The panel specifically focused on the topic of ability and ableism, while remaining in the realm of feminism.
The panelists included Frances Isbell, disability rights activist and law student; Dr. Nirmala Erevelles, UA professor of social and cultural studies in education; Judy Thorpe, Director of the Office of Disability Services at UA and Beth Overland, Deaf Support Specialist at the Alabama Department of Rehabilitation Services. Susan Gordon interpreted for Overland. Lindsay Macher, coordinator for the UAFC, moderated the discussion.
Macher began by asking the panel how they defined ableism and how have they experienced, witnessed or understood it.
“There’s so many different aspects to ableism,” Isbell said. “There are kind of blatant examples where people with disabilities are murdered, they’re segregated, they’re abused, they’re neglected. You have eugenics still. You have institutionalization of people with disabilities.”
Isbell went on to say there’s another side of ableism where people “mean well, but they don’t always treat people with disabilities the way that they should.”
She said this comes from the general idea that people with disabilities are less likely to participate in society. She said she has experienced this form of ableism before as she is confined to a wheelchair due to muscular dystrophy.
Erevelles stated specific examples of ableism including when Hurricane Katrina hit New Orleans.
“A really significant example of how ableism works as we saw this happening in a way that we were shocked about was during Hurricane Katrina,” she said. “The largest number of people who died were the elderly and those who were disabled, frankly, because New Orleans is actually a very inaccessible town.”
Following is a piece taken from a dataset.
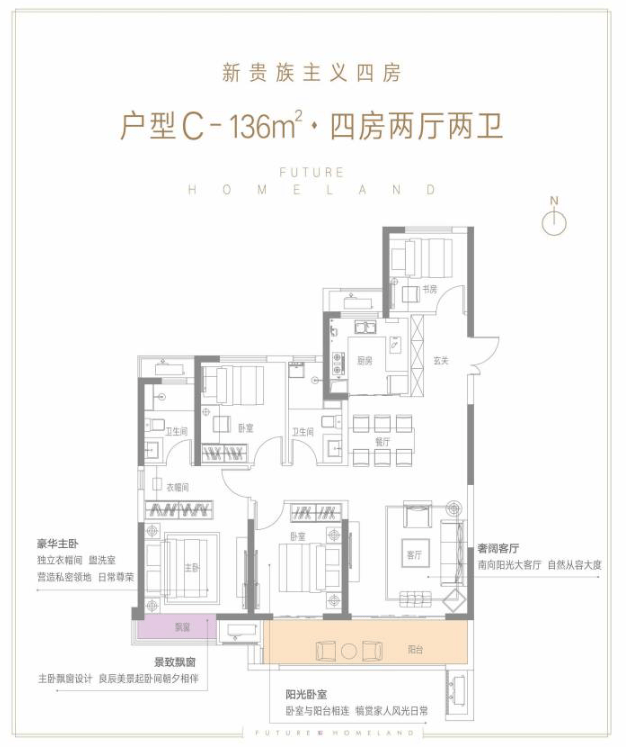 功能完备的舒适四房,专设北向安静书房,满足居家办公与学习需求,适合多代同堂家庭。

Next, Macher asked the panel how they would say that some of the common language and rhetoric that’s used in everyday society might contribute to violence against people with disabilities.
“If we really start thinking about the language that we use, it’s not policing, but if you’re conscious about the language that you use, you really see the ways in which disability becomes not just the experience, but also an organizing way of belittling people who don’t fit into the norms,” Erevelles said.
Macher then went on to a more specific question concerning misconceptions about people who are deaf.
“Hearing people, they look at the deaf like ‘you can’t,’” said Overland, who is deaf. “We can’t do anything, we can’t do it because we can’t hear. That’s what they think. You know, like you want to become involved in sports, football, volleyball, basketball and they’re telling you ‘no you can’t, you’re deaf.’”
Overland said she doesn’t “look at herself as having a disability.”
“I look at myself as ‘I can do whatever I want,’” she said. “I have my own home. I have a child. I have a job. I bought my own car. I’m the same as you.”
As the discussion came to the final question, Macher said she wanted to end it on a good note, so she asked the panel what are some sources for empowerment of people with disabilities, whether it be on campus, in the state or in the nation.
Erevelles said much of it has to do with social media. She said that she thinks social media has been one of the spaces where people with disabilities can connect to others. The panel echoed the same sentiment.
Isbell said that there are of course organizations and non-profits that help advocate for people with disability, but that they’re scattered across the country, and not many are in Alabama.
“I think that social media is the best way to bridge those gaps,” she said.